- [Data]:
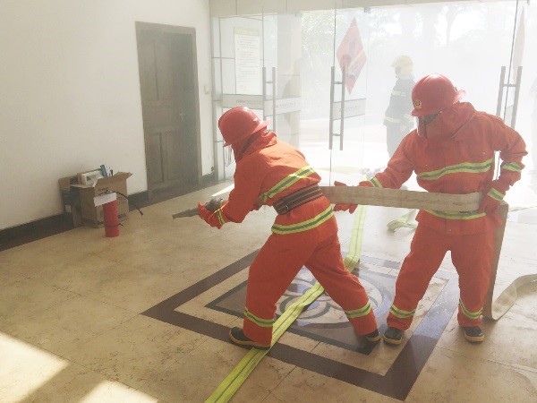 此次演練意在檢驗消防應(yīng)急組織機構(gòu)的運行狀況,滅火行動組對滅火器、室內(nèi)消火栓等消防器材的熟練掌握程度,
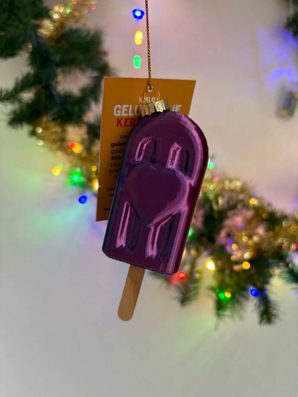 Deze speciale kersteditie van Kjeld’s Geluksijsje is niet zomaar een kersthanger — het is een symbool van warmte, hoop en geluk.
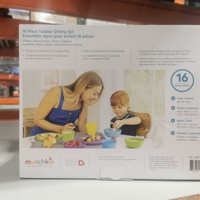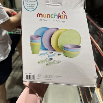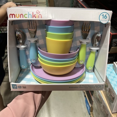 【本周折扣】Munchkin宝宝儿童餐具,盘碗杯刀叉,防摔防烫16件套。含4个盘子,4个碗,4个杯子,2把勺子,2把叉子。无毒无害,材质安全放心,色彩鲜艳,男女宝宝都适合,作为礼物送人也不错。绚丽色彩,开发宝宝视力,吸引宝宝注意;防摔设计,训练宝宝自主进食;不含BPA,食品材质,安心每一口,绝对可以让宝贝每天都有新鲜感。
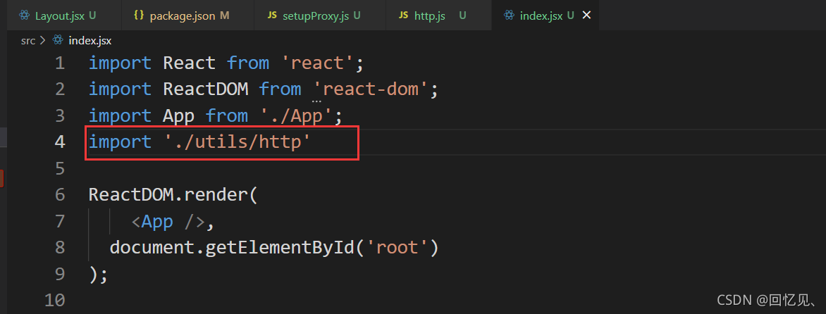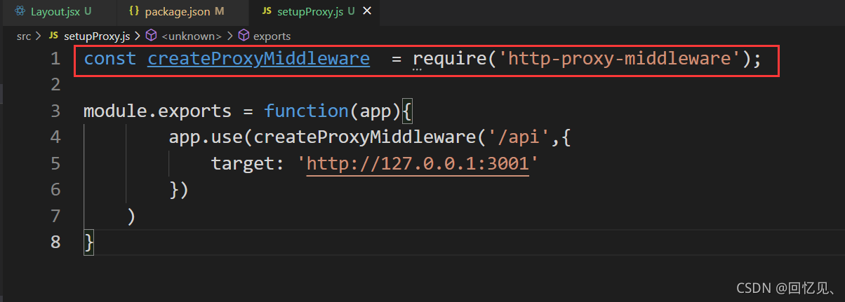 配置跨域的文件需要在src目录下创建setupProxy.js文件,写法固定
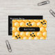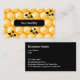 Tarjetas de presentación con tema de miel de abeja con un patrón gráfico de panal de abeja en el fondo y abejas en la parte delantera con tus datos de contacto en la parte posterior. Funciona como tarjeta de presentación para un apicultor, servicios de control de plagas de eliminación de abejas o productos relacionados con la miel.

- [Aim of the exercise]: All that is needed is the span from the line with "配置跨域的文件需要在src目录下创建setupProxy.js文件,写法固定" through the last line of the material above, reproduced exactly and free of pictures.

- [Written answer]:
 配置跨域的文件需要在src目录下创建setupProxy.js文件,写法固定
 Tarjetas de presentación con tema de miel de abeja con un patrón gráfico de panal de abeja en el fondo y abejas en la parte delantera con tus datos de contacto en la parte posterior. Funciona como tarjeta de presentación para un apicultor, servicios de control de plagas de eliminación de abejas o productos relacionados con la miel.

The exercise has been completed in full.